College Cost Break Down: Why College is So Expensive? Part Two

By Beth Dumbauld

College is expensive. A quick glance at the sticker price of tuition can scare even the most motivated of students. With average in-state tuition at a 4-year public colleges and universities for 2012-2013 costing $8,655 and out-of-state tuition at those same institutions averaging $21,7061 – it can come as a shock. And the implications of that shock show up time and again as increasing, and oftentimes destabilizing, student loan debt. 

Fact: College continues to become relatively more expensive each year. 

Reason: The rising cost of college has been outpacing inflation for years – while income (during that same time period) continues to stagnate. 

The rising cost of college is not, and has not been, a good turn of events if you are planning on earning a college degree. Whether you are an adult considering a return back to higher education or a high school senior looking to attend college for the first time – you will need to remain mindful of exactly what it is you are willing (and realistically able) to pay as you determine which college to attend. Ask yourself what you really need in order to be successful when you graduate? Proven skills and competencies? A network of alum and access to careers? Yes. A mustache and provocative Facebook photos from “Keg-erbration” 2012? Probably not.

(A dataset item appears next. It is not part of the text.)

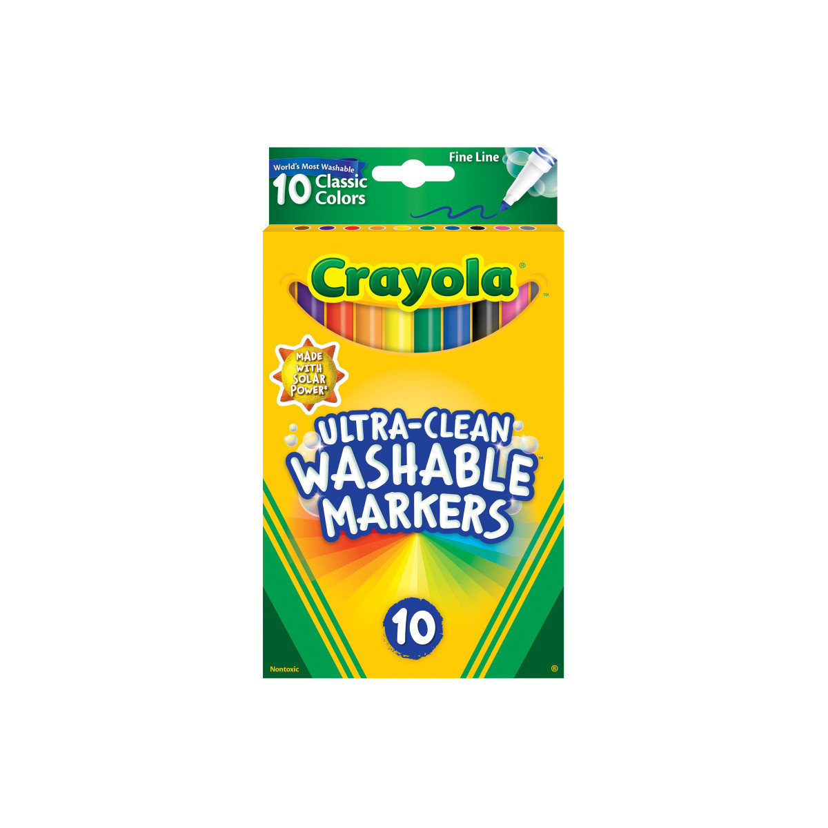 Kids love to get creative with color, but parents want to keep the color where it belongs and easily remove it where it doesn't! Crayola Ultra-Clean Fine Line Bold Markers now have an improved Ultra-Clean washable formula and come with two new bold colors. These durable fine-line markers are ideal for writing, drawing, or coloring in small areas. Fine Line Markers provide artists with 10 classic Crayola colors that feature Color Max – our brightest, truest colors yet. Amp up school projects and artistic endeavors with high-quality ink that is true to color. The variety of bright, classic colors in this pack invites imaginative expression. With its slender tip, the Fine Line Marker is a precise drawing tool. Perfect for coloring in small areas, these markers are also great for writing or drawing thin lines or dots. These markers lay down plenty of vibrant color and won't smudge or bleed through paper. The world's most washable non-toxic markers now come in an improved Ultra-Clean formula that washes easily from skin, clothing, and common household surfaces—even painted walls. Each pack includes 10 markers.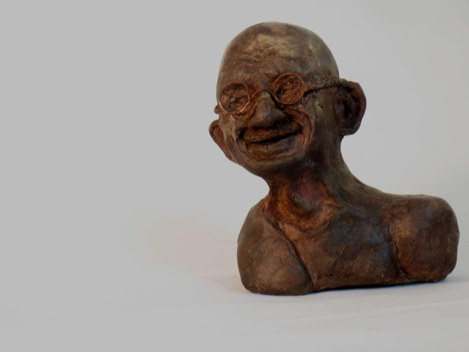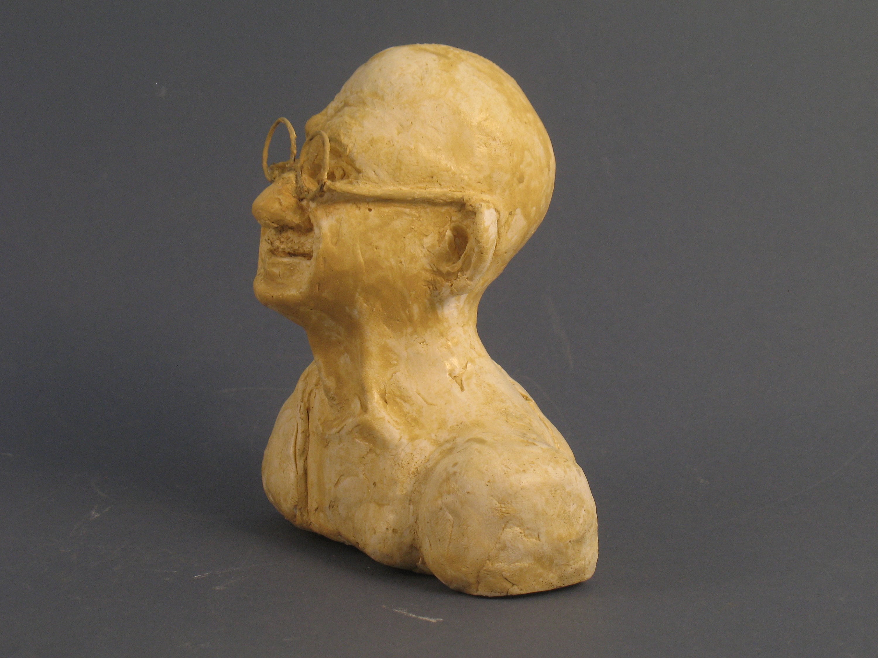 I have been holding back on Gandhi for several years. When I started it was to do him as a young man in S. Africa....but this was not a success, leaving him looking so very serious. It was when I made the face older and started adding the famous smile that I felt I was beginning to catch him. The glasses took much much much work....and I am satisfied that I finally figured out how to do them properly.

Is College Unfairly Expensive? 

While it may be difficult to determine exactly what would be considered a “fair” cost of college, there exists considerable variability when it comes to what percent of income you or your family will need to set aside to pay for college. Among many factors, one of the leading drivers of college affordability is the state where you live. Truth is, depending on where you call home, you may pay considerably more (or considerably less) for your college degree than someone who lives in another state. Is this fair? You decide.

Percent of Median Family Income to Pay for Average In-State Tuition & Fees by State2 

Top 5 States having Highest Percentage of Income Required to Pay for In-State Tuition at 4-year Public College or University3

  • Vermont - 17.6%
  • South Carolina - 17.1%
  • Pennsylvania - 16.2%
  • Michigan - 15.9%
  • Illinois - 15.4%

Top 5 States having Lowest Percentage of Income Required to Pay for In-State Tuition at 4-year Public College or University4

  • Wyoming - 5.5%
  • Alaska - 5.9%
  • Florida - 6%
  • Nevada - 6.1%
  • Utah 6.6%

Other factors influencing your ability to pay for college or pay back student loan debt.

College affordability (ability to pay for and/or comfortably pay back any student loan debt associated with your higher education) and your ROI (return on investment) for a college education are influenced by many factors. 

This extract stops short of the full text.